Your assignment:
Go to the line in the entries below that holds "Custom frame measures" and repeat exactly from there through the line that holds "Deze witte glas", inclusive.

[Dataset excerpts]

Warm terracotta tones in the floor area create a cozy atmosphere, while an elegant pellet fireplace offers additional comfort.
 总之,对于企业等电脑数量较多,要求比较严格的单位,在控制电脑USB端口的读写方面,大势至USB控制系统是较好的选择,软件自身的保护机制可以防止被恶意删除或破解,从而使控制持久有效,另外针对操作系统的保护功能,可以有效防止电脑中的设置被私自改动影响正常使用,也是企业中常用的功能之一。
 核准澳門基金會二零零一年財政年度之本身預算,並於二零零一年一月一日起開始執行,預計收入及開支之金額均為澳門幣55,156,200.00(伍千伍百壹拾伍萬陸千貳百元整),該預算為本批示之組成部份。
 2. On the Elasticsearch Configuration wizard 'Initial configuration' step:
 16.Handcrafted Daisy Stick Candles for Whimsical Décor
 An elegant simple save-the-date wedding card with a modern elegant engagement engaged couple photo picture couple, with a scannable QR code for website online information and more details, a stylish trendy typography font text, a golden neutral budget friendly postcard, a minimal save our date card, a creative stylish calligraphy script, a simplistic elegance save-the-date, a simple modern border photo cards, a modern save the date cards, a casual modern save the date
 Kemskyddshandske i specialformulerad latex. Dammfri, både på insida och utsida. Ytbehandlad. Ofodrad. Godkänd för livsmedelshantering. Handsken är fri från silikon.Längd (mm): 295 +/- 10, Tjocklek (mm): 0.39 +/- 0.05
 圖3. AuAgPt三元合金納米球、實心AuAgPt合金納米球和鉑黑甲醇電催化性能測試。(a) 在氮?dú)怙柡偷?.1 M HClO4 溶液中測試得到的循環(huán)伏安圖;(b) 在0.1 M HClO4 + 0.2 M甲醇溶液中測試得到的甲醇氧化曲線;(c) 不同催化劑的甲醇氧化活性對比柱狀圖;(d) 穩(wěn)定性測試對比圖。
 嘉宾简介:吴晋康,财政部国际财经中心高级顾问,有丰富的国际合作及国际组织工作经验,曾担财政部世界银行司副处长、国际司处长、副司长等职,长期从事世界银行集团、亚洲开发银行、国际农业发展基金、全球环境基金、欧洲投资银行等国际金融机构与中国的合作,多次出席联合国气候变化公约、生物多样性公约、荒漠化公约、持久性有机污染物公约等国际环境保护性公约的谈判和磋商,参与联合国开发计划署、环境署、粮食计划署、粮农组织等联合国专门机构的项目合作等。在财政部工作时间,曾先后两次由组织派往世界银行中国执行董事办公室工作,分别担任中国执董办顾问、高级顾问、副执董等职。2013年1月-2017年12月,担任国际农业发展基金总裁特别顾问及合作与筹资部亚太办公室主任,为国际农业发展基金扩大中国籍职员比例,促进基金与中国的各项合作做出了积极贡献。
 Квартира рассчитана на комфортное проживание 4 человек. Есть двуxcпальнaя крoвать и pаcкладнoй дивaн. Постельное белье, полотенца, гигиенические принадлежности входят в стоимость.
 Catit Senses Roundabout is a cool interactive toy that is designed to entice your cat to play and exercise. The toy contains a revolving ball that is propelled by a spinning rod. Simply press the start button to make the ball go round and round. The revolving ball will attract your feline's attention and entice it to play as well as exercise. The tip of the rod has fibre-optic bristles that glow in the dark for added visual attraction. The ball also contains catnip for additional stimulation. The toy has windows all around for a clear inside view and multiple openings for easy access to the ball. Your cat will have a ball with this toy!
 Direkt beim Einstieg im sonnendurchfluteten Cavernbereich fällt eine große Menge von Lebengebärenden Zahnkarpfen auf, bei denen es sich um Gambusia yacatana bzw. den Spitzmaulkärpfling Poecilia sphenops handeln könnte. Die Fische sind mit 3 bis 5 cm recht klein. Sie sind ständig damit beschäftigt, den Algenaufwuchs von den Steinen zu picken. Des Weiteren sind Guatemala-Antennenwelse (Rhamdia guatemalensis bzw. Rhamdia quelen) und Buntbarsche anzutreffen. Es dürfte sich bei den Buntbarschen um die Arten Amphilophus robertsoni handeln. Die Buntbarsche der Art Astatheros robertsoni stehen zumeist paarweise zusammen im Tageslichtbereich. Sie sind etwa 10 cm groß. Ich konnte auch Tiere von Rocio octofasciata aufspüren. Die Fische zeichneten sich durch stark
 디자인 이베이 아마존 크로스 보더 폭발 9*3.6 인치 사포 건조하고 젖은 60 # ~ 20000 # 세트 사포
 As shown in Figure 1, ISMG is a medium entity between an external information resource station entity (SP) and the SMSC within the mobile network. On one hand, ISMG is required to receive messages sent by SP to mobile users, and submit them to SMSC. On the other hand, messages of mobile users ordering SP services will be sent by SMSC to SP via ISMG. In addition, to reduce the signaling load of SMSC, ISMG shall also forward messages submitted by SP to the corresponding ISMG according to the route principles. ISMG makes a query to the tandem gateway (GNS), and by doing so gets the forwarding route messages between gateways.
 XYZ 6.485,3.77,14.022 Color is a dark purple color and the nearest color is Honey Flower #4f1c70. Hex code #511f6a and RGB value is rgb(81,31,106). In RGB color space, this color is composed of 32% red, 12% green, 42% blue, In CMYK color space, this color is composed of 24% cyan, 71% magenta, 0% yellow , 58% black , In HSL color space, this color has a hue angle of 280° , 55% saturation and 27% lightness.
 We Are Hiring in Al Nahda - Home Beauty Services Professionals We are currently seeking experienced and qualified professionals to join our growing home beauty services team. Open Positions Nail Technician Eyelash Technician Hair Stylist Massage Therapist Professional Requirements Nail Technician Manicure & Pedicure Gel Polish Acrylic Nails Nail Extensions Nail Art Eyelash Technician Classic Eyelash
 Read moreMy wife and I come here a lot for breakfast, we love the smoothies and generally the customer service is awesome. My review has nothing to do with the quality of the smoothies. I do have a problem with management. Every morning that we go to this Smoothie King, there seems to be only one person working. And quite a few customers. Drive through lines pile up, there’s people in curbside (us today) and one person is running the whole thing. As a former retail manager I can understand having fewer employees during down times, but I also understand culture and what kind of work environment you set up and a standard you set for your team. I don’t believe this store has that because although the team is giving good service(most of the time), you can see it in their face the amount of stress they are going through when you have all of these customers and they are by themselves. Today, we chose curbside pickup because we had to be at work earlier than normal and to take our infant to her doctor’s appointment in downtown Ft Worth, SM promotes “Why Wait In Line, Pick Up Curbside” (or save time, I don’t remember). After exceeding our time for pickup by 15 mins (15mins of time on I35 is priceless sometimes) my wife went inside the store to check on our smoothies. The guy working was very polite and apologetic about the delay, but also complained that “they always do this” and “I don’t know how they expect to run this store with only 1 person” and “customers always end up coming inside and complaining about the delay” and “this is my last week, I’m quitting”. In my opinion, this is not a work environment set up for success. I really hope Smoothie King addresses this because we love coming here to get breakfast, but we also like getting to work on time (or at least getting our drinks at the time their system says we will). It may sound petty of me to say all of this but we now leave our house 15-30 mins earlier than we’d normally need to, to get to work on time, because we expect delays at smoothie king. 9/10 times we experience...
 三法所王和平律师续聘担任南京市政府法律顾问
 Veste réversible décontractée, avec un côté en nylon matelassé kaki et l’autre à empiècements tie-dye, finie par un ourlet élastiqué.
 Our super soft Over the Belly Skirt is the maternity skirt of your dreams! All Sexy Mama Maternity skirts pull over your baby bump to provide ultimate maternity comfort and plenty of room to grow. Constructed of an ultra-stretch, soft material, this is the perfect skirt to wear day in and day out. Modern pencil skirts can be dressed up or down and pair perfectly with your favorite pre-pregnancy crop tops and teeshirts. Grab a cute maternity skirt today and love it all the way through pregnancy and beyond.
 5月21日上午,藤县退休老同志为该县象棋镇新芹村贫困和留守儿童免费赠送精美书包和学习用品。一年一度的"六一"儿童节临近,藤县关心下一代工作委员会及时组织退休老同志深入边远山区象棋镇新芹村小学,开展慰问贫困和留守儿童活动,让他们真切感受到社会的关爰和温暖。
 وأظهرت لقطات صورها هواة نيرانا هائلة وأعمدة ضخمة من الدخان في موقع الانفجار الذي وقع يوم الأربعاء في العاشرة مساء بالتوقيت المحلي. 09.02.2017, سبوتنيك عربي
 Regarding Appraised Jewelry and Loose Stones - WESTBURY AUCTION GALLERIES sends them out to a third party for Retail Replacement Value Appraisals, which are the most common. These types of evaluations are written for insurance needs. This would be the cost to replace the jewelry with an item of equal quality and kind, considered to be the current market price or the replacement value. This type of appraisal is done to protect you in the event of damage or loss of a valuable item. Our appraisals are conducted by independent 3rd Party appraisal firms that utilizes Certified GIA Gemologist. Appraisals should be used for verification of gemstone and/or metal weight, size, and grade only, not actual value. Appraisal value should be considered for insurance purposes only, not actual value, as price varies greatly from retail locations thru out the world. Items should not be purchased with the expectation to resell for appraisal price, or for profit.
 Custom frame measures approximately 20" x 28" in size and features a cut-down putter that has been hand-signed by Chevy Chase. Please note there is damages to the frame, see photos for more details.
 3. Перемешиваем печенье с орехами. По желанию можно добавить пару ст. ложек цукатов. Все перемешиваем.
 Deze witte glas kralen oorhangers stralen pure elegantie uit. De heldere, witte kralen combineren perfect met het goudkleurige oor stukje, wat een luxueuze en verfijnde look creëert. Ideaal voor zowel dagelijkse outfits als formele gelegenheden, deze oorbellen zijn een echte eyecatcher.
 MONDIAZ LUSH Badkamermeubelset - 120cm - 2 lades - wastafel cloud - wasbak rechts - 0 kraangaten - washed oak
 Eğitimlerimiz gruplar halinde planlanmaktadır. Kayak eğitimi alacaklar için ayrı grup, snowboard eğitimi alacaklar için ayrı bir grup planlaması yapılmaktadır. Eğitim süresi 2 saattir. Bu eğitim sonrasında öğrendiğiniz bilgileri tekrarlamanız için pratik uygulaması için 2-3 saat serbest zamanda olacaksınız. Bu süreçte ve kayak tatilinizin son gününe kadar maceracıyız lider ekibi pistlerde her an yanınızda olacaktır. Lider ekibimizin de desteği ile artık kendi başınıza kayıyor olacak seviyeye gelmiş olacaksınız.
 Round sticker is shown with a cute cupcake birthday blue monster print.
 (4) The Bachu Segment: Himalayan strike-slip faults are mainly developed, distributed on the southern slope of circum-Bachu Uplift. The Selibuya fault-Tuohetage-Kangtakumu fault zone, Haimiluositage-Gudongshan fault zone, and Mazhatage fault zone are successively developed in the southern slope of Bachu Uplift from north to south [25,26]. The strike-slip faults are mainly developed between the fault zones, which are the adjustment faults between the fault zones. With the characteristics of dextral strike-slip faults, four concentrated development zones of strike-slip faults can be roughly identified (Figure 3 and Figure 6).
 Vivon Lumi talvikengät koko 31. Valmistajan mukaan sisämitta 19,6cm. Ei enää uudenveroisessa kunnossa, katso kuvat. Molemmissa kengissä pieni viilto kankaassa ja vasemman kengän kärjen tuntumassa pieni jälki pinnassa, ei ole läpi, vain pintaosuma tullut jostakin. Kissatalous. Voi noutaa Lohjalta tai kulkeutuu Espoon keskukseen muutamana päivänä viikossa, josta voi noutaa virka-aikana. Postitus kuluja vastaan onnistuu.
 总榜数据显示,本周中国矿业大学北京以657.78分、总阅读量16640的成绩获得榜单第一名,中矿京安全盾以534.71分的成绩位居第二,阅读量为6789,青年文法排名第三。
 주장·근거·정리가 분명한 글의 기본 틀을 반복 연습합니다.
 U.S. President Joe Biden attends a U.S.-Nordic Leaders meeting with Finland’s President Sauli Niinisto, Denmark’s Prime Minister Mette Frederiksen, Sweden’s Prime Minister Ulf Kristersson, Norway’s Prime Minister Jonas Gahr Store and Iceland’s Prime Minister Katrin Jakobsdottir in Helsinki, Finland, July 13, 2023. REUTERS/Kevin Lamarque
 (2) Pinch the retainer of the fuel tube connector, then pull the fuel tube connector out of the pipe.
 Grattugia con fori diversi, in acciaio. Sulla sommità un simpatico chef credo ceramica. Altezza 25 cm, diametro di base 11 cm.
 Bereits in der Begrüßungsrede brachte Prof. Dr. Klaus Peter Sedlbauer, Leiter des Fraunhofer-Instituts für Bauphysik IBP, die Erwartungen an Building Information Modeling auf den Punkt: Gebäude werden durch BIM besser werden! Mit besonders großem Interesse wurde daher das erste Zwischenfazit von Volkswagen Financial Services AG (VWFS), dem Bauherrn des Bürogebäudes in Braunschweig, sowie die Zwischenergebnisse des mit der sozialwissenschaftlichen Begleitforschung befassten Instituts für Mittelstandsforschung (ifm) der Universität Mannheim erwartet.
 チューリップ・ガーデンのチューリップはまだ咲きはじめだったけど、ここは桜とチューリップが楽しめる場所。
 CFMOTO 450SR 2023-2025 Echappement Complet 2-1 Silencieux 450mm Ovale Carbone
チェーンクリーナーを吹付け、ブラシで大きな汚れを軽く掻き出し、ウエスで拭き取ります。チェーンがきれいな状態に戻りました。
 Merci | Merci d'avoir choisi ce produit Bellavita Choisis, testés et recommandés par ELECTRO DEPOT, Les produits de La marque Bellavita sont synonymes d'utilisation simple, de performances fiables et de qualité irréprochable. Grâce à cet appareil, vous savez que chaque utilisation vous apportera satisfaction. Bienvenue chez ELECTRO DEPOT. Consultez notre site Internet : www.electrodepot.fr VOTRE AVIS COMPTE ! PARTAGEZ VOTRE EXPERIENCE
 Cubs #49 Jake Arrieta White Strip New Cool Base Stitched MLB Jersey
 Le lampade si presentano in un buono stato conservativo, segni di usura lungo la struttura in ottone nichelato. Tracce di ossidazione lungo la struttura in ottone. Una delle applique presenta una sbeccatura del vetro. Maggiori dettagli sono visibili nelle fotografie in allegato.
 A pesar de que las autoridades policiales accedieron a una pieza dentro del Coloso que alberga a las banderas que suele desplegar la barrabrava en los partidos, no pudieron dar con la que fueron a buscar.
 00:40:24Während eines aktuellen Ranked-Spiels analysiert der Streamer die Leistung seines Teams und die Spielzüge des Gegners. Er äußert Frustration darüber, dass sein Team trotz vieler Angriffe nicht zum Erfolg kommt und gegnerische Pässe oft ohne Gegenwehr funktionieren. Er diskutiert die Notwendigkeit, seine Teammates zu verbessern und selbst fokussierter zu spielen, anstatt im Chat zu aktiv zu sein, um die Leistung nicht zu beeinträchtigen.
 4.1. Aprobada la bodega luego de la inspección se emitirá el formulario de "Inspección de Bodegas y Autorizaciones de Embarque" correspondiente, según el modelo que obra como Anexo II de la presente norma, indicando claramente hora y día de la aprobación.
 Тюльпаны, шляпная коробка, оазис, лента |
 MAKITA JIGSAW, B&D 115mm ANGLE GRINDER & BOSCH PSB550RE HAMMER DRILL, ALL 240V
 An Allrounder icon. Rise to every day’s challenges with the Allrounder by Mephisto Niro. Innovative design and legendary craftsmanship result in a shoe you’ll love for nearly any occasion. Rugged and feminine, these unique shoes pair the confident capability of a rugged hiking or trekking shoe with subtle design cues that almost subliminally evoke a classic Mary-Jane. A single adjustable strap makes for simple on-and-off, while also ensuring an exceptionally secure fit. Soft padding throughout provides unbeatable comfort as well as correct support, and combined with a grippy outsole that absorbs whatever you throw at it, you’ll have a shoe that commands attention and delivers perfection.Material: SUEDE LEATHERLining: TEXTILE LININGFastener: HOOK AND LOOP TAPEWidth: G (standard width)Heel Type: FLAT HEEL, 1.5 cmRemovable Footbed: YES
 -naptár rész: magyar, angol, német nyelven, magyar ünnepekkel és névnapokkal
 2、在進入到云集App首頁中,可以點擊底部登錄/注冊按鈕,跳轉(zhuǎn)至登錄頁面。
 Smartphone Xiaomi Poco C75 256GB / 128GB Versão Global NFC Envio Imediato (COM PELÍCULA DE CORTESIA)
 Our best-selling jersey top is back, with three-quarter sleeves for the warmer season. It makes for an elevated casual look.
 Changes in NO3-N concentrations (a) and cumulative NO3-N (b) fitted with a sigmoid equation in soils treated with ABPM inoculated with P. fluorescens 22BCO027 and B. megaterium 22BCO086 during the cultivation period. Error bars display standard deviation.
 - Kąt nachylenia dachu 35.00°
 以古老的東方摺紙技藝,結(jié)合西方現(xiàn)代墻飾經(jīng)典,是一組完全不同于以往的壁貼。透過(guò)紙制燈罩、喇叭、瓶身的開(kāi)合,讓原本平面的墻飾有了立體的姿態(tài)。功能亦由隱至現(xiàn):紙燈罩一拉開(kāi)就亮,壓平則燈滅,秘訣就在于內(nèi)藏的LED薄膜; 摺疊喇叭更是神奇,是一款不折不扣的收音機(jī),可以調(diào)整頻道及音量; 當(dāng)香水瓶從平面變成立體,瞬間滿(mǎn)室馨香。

Solution to this problem:
 Custom frame measures approximately 20" x 28" in size and features a cut-down putter that has been hand-signed by Chevy Chase. Please note there is damages to the frame, see photos for more details.
 3. Перемешиваем печенье с орехами. По желанию можно добавить пару ст. ложек цукатов. Все перемешиваем.
 Deze witte glas kralen oorhangers stralen pure elegantie uit. De heldere, witte kralen combineren perfect met het goudkleurige oor stukje, wat een luxueuze en verfijnde look creëert. Ideaal voor zowel dagelijkse outfits als formele gelegenheden, deze oorbellen zijn een echte eyecatcher.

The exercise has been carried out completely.